In this tutorial we will learn to:
- Instantiate a DeepPrintExtractor
- Prepare a training dataset
- Train a DeepPrintExtractor

## Instantiate a DeepPrintExtractor

This package implements a number of variants of the DeepPrint architecture. The wrapper class for all these variants is called `DeepPrintExtractor`.
It has a `fit` method to train (and save) the model as well as an `extract` method to extract the DeepPrint features for fingerprint images. 

You can also try to implement your own models, but currently this is not directly supported by the package.

In [None]:
from flx.data.dataset import IdentifierSet, Identifier
from flx.extractor.fixed_length_extractor import get_DeepPrint_TexMinu, DeepPrintExtractor

# We will use the example dataset with 10 subjects and 10 impression per subject
training_ids: IdentifierSet = IdentifierSet([Identifier(i, j) for i in range(10) for j in range(10)])

# We choose a dimension of 512 for the fixed-length representation (TexMinu has two outputs num_dims)
extractor: DeepPrintExtractor = get_DeepPrint_TexMinu(num_training_subjects=training_ids.num_subjects, num_dims=256)

## Training the model

Instantiating the model was easy.

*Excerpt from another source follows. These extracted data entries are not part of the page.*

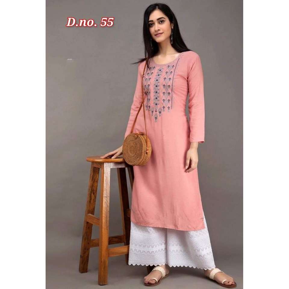 FANCY RAYON EMBROIDERY WORK KURTI WITH PALAZZO BABY PINK
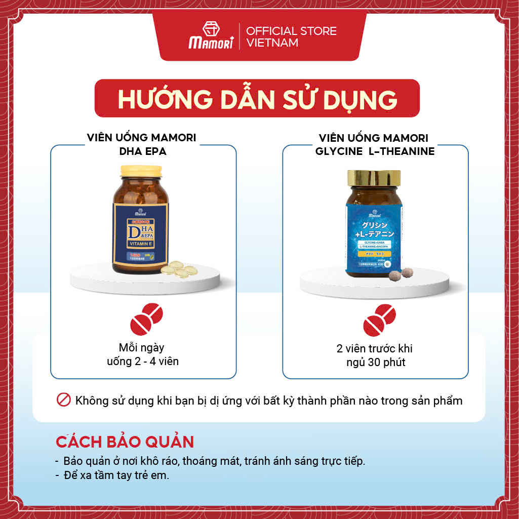 Combo viên uống MAMORI DHA - EPA và Glycine L-theanine là giải pháp hoàn hảo để chăm sóc giấc ngủ và phát triển trí tuệ. Viên uống DHA - EPA từ Nhật Bản hỗ trợ
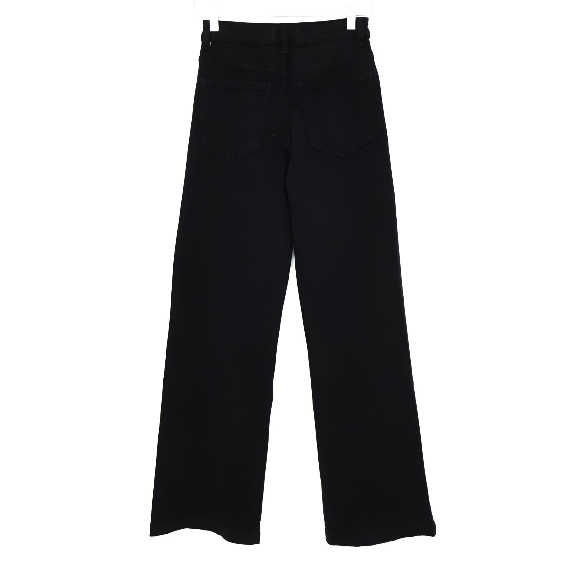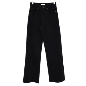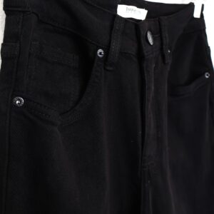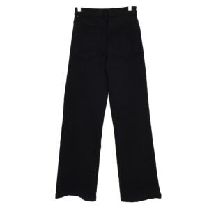 Jeans negro con corte ancho (wide leg) y tiro alto. 5 Bolsillos. Cierre frontal con cremallera y botón. Detalle de bajo rematado.
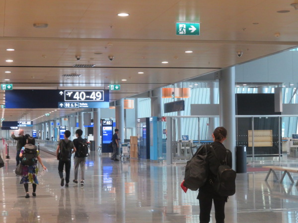 乗り継ぎ客が荷物検査を終えて出てくるのがこの場所、これが左側。 This is the place where transit passengers come out after baggage inspection, this is the left side |
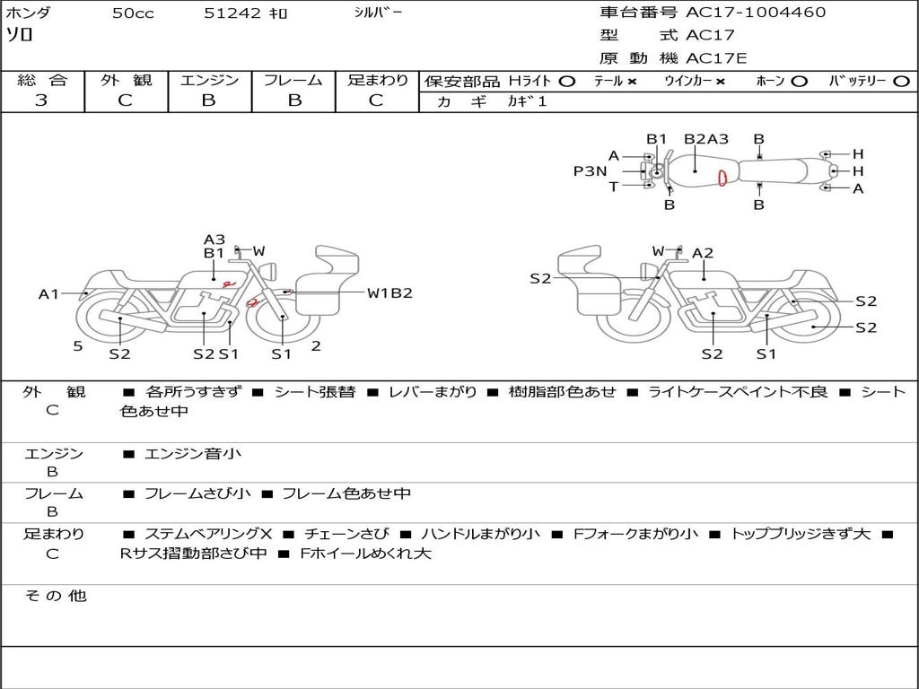 | Номер рамы / VIN | AC17-1004460 |
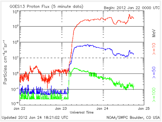 L’abbiamo scampata. Il 23/1/2012 satelliti e stazioni a terra segnalarono in arrivo dal sole una tempesta di protoni: quelli con alta energia sono passati da 10 a 7500 per cm2 e per secondo [vedi diagramma]. Poi il flusso di protoni si è affievolito. Se fosse cresciuto molto, avremmo avuto disastri. Anche in Italia il cielo notturno si sarebbe colorato di verde, viola e rosso: aurore boreali che si vedono vicino ai poli. Poi sarebbe diventato rosso sangue. Grossi blackout ci avrebbero tolto l’elettricità. Le linee telefoniche e telegrafiche fuori uso avrebbero impedito gli interventi di emergenza. Ferrovie, gasdotti e oleodotti avrebbero subito danni gravi. Il blocco di reti e tecnologia nelle società più avanzate, prive di energia, potrebbe causare vittime a milioni.
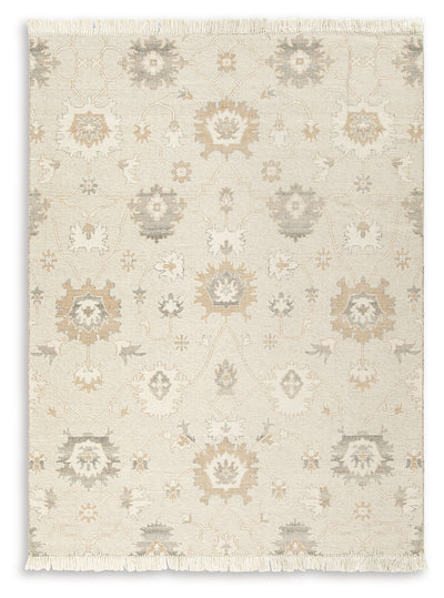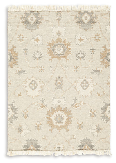 Bring modern life into balance with the rhythms and beauty of nature. This area rug has the vintage look of an heirloom. Blooming with graceful florals in neutral tones and surrounded by fringe edging, it adds style to any lounge space.

To train it, first we will load the training data (see the [data tutorial](./dataset_tutorial.ipynb) for how to implement your own dataset).

Besides the fingerprint images, we also need a mapping from subjects to integer labels (for pytorch). For some variants we also need minutiae data. To see how a more complex dataset can be loaded, have a look at `flx/setup/datasets.py`.

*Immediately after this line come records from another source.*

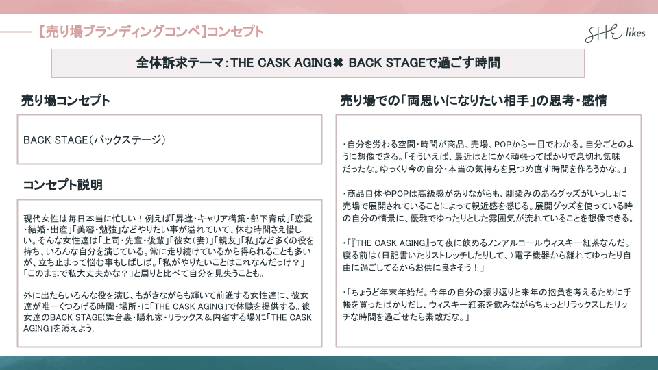 樽で熟成させたプレミアム紅茶「THE CASK AGING」のペルソナ設定・売り場ブランディング・売り場で展開するPOP制作を行いました。結果は【不採用】(応募58名のうち、2名採用)でしたが、採用作品との比較・分析をまとめました。(制作時間:24時間)
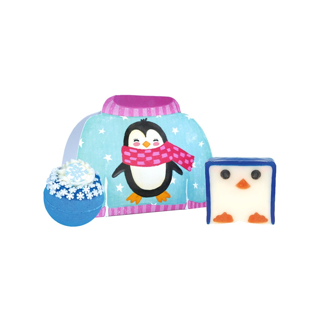 Pripravte sa na poriadnu ľadovú zábavu! Táto rozkošná darčeková súprava poteší nielen deti, ale aj hravé duše dospelých. Vo vnútri nájdete šumivú bombu do kúpeľa a mydlo s tučniakom, oba produkty plné prírodných esenciálnych olejov, ktoré prevoňajú pokožku sviežou zimnou vôňou a zanechajú ju hebkú a jemnú.
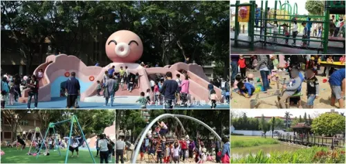 新北板橋特色公園『溪北生態休閒公園』Q版章魚造型磨石子共融性滑梯遊戲場/盪鞦韆/沙坑
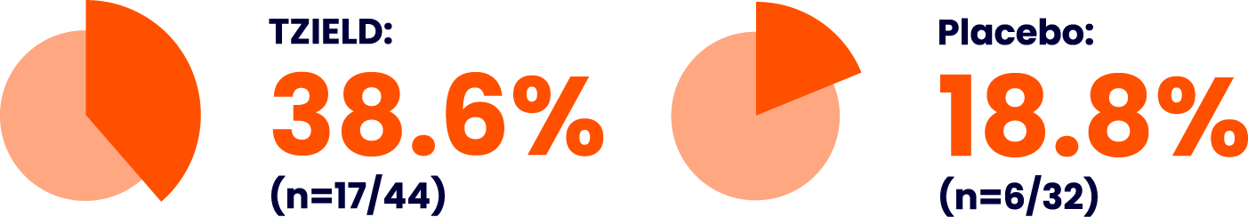 In an extended analysis of the TN-10 study, 38.6% of TZIELD-treated patients (n=17/44) remained in presymptomatic Stage 2 autoimmune T1D for 5+ years vs 18.8% of placebo-treated patients (n=6/32).§3

Finally, we call the `fit` method, which trains the model and saves it to the specified path.

There is also the option to add a validation set, which will be used to evaluate the embeddings during training. This is useful to monitor the training progress and to avoid overfitting.
In this example we will not use a validation set for simplicity.

In [None]:
import os

import torch 

from flx.data.dataset import *
from flx.data.image_loader import SFingeLoader
from flx.data.minutia_map_loader import SFingeMinutiaMapLoader
from flx.data.label_index import LabelIndex
from flx.data.transformed_image_loader import TransformedImageLoader
from flx.image_processing.binarization import LazilyAllocatedBinarizer
from flx.data.image_helpers import pad_and_resize_to_deepprint_input_size

# NOTE: If this does not work, enter the absolute paths manually here! 
DATASET_DIR: str = os.path.abspath("example-dataset")
MODEL_OUTDIR: str = os.path.abspath("example-model")

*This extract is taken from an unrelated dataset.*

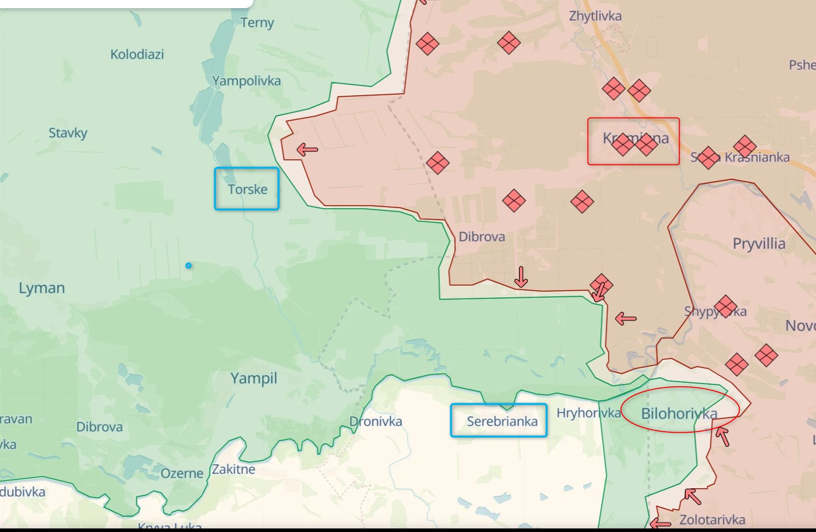 1. На южном фланге этого фронта просматривается попытка создать угрозу с севера для Северска и Белогоровки, выйдя на левый берег Северского Донца. Для этого идет наступление в сторону Лимана и в Серебрянском лесничестве.
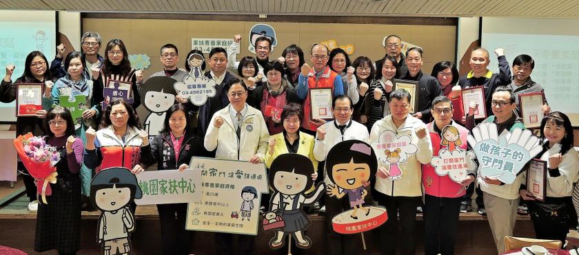 桃園市市長張善政(前排左四)與桃園市政府社會局局長陳寶民(前排右五)、桃園市政府社會局副局長許敏松((前排右三)、桃園家扶中心主任張伏杉(前排右二)與貴賓、榮退及資深寄養家庭合影。

# We will use the SFingeLoader to load the images from the dataset
image_loader = TransformedImageLoader(
        images=SFingeLoader(DATASET_DIR),
        poses=None,
        transforms=[
            LazilyAllocatedBinarizer(5.0),
            pad_and_resize_to_deepprint_input_size,
        ],
    )

image_dataset = Dataset(image_loader, training_ids)

# For pytorch, we need to map the subjects to integer labels from [0 ... num_subjects-1]
label_dataset = Dataset(LabelIndex(training_ids), training_ids)

minutia_maps_dataset = Dataset(SFingeMinutiaMapLoader(DATASET_DIR), training_ids)

extractor.fit(
    fingerprints=image_dataset,
    minutia_maps=minutia_maps_dataset,
    labels=label_dataset,
    validation_fingerprints=None,
    validation_benchmark=None,
    num_epochs=20,
    out_dir=MODEL_OUTDIR
)